- May 27, 2012 at 7:50 pm #2457
- June 25, 2012 at 6:32 pm #2652stephanNew MemberJoin Date: Nov 2011Posts: 100Offline
anyone tested the MM against the D800E in b&w?
I ordered a MM but got my D800E today and I'm very impressed about the high ISO – Qualities of the camera.
I suspekt the MM to be a bit better at 3200 ISO, but would really apreciate if someone made the test allready and can give me some advise.
- June 26, 2012 at 3:45 pm #2660
I think it is very difficult to compare the image quality of the two cameras. One use CCD and the other CMOS, one use the Bayer Filters technique and not the other.
I understand photographers always want to find out which camera is better or the best but we all know there is not such thing as the best camera for all photographers. About the image quality, the grain / pixel structure of the M M and D800E should be different, so it is up to the kind of usage that makes a certain camera a better one. Otherwise Nikon do not need to produce the D4!
After using the M M for a little bit over 24 hours. I have to say that this is a completely new experience for any digital camera users. Please do not forget this camera not just give you high ISO performance (this is just a ‘by product' from the new ‘Clear' pixel design) but also produce ultra fine details images.
I do hope our Leica fellow users not to label the M M as a Bresson camera (he may use an iPhone to capture his images if he is still living today). It is equally good for any fine art photographers who, as Oskar Barnack, like smaller setup for their work!
- June 26, 2012 at 6:30 pm #2661BrianNew MemberJoin Date: May 2012Posts: 57Offline
I will most likely order a D800e for work, to replace my D1x. It's about 1/2 the price that the D1x was 10 years ago.
I will be in line for the M9 monochrome- and should be able to do a comparison.

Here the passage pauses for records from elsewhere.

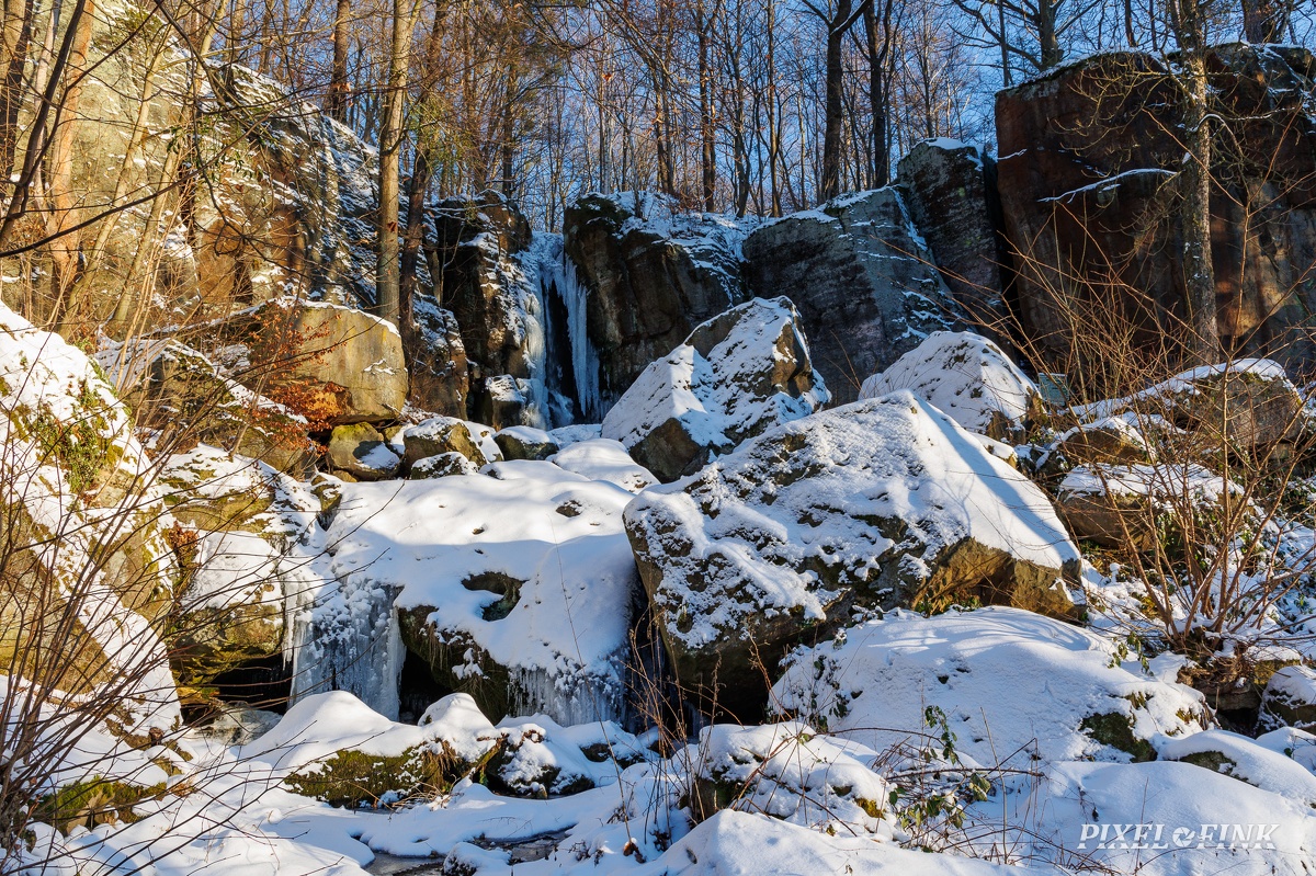Eiszapfen, Felsen, Langenhennersdorfer Wasserfall, Schnee, Sächsische Schweiz, Wasserfall, Winter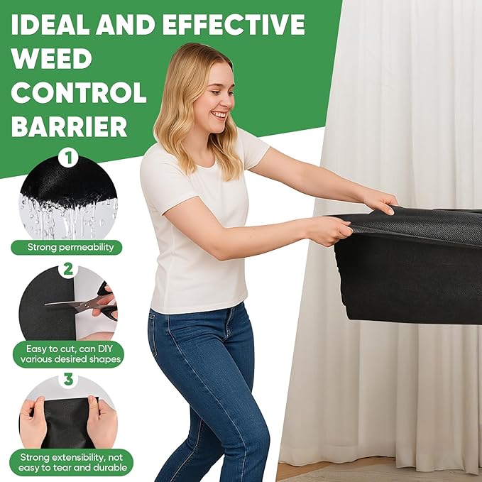 - Promote Plant Growth: Our heavy duty landscape fabric design has many small holes that allow more water and nutrients to penetrate into the soil, providing an ideal growth environment for plants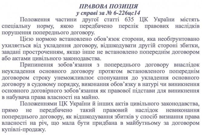 Согласно этой правовой позиции, доблестные украинские застройщики не обязаны, построив дом на средства горе-«инвесторов», передавать этим горе-«инвесторам» готовые квартиры, если с ними подписан не основной, а только предварительный договор.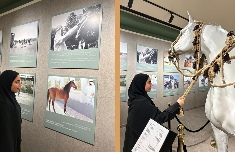 ويعرض الأرشيف والمكتبة الوطنية عبر شاشة خاصة مواد فيلمية توثّق اهتمام الشيخ زايد برياضة الفروسية والخيول، إلى جانب مشاركات الشيوخ وتميزهم في سباقات الخيل.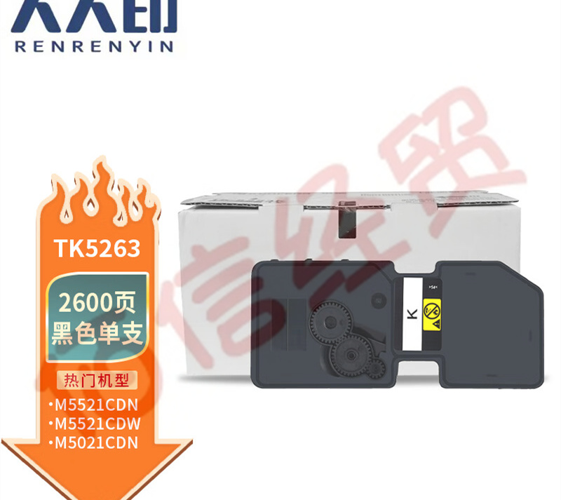 人人印TK-5253K黑色 适用京瓷Kyocera ECOSYS M5521CDW碳粉M5521CDN M5021CDN粉盒 TK5263大容量墨盒 含芯片 自营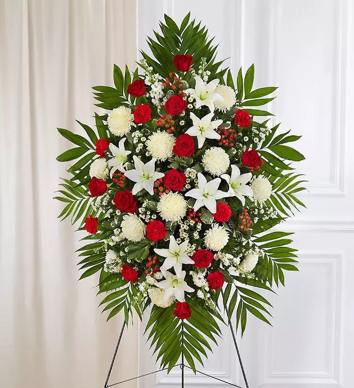 A warm embrace. A kind word. A memorable gesture. There are many ways to express how we feel after the loss of a loved one. Our classic standing spray arrangement is elegantly crafted with radiant red roses and peaceful white blooms, offering care and support when it’s needed most.

- June 26, 2012 at 8:25 pm #2663stephanNew MemberJoin Date: Nov 2011Posts: 100Offline
can't wait to read your experiences
You are right, the only point is that where I live it is rather difficult to compare two cameras without buying them. The stores that sell Leica and Nikon at the same time AND have also such items as an MM AND a D800E in stock and are willing to let you make a comparison are rare (I fact I wouldn't know any in a radius of 1000 km, but I may be wrong).
From what I have seen so far, I expect that the D800E is as good in resolution as an MM will be. The main difference will be in the high ISO range, where it will be interesting to see how the monochrome-CCD will hold up against a D800. When I process high ISO-file from the D800 to black and white, I get some film-like grain (maybe a bit harscher, though). This is not much a problem for contrasty pictures, but for eamble gets real soft when this grain adds to some lens-weaknesses.
I intend to use the MM in low-light situation only (art-nudes).
- June 26, 2012 at 10:54 pm #2664
One thing for sure the D800E can make larger output (prints) because of its resolution.
- June 26, 2012 at 11:57 pm #2666BrianNew MemberJoin Date: May 2012Posts: 57Offline
I've seen a number of people wanting to compare the D800e with the Monochrome M9.
For work in the Lab- I bought one of each of Nikon's Micro-Nikkors with the D1x and Nikon E3. Great for close-up, technical documentation work. I'll use the same lenses with the D800e.
For the M9 Monochrome- especially for a fine-art application in low-light- I would be going for Vintage fast-glass. My M9 usually has a lens from the 1930s on it. The M9 Monochrome- I'll be using lenses designed for black and white. A 1934 uncoated Sonnar 5cm F1.5, should do wonders on it.
The big difference between digital and film is in the handing of shadow detail and highlights. Modern lenses, multi-coated tend to be higher contrast and have tamed internal reflections. Low-contrast lenses tend to compress the intensity range to one that is ore easily recorded on a digital sensor, and veiling flare tends to fill in shadows.
In any event, if you go with the Nikon D800e get a 5.8cm F1.4 Nikkor-S and have it converted to AI coupling. Lower-contrast, slightly longer FL.
If you get the M9m, you have a lot of vintage glass to choose from.